Kipling rejects the assumption that dialect poetry should be sentimental and simple—an association based on classist bias typical of British 19th-century social hierarchy. Rather, dialect here produces a psychologically complex character—a man confronting the hollowness of what he has believed.
Five years after Kipling’s death, as England wrestled with defining the artistic merit of its first Nobel laureate, the poet T. S. Eliot (himself a future Nobelist) published a lengthy defense of Kipling. The 30+ page essay lauds Kipling’s early poems, among them “Gunga Din,” as expressions of a demanding genre of poetry that dated to the Middle Ages: the ballad.
Ballads focus on storytelling and character; they were designed to be heard, not studied; sung, not read; enjoyed, not discussed. Their language was typically accessible and immediate; the content bold and dramatic; the lines musical and rhythmic.

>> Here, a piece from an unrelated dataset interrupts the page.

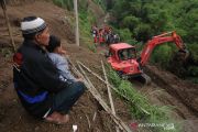 Warga melihat petugas Badan Penanggulangan Bencana Daerah (BPBD) Kabupaten Boyolali menggunakan alat berat saat membuka akses jalan yang tertutup tanah longsor di lereng Gunung Merapi, Cluntang, Musuk, Boyolali, Jawa Tengah, Selasa (26/1/2021). Hujan lebat pada Senin (25/1/2021), mengakibatkan terjadi tanah longsor yang menutupi akses jalan desa dan lahan pertanian, serta merenggut satu korban jiwa. ANTARA FOTO/Aloysius Jarot Nugroho/aww.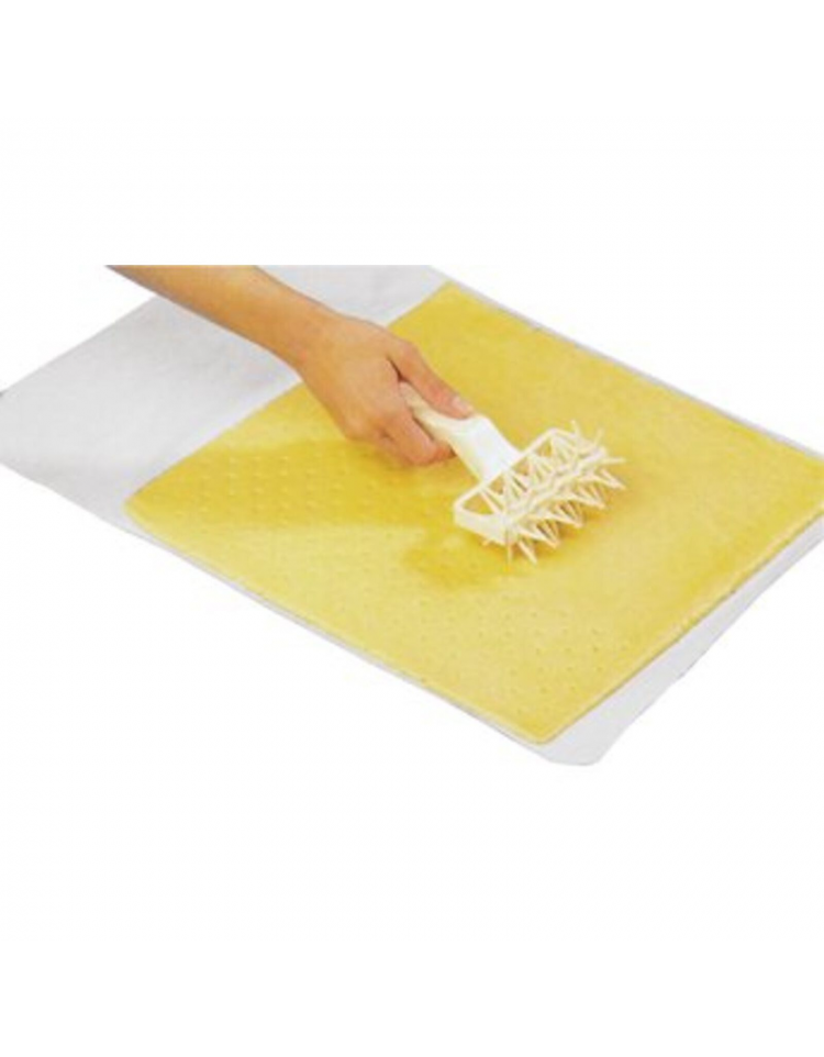Lungo 6 cm e realizzato in polimetilmetacrilato, è semplice e immediato: prima di infornare, basta premerlo sulla sfoglia con movimenti orizzontali per creare una rete di fori in pochi secondi.

For Eliot, Kipling’s mastery of the subtle demands of the ballad marked his greatest achievement as a poet. Eliot notes Kipling’s attention to the rhythm: Kipling juxtaposes vowel and consonant sounds, most notably in his use of assonance and consonance, to achieve a subtle sonic effect.
Although YouTube has archived dozens of recitations of the poem, perhaps the version most closely aligned with Eliot’s praise is a musical adaption written and performed by singer-songwriter Jim Croce (1943-1973). The song, released on Croce’s debut album, 1966’s Facets, reveals how the poem uses the verse and refrain structure typical of a song.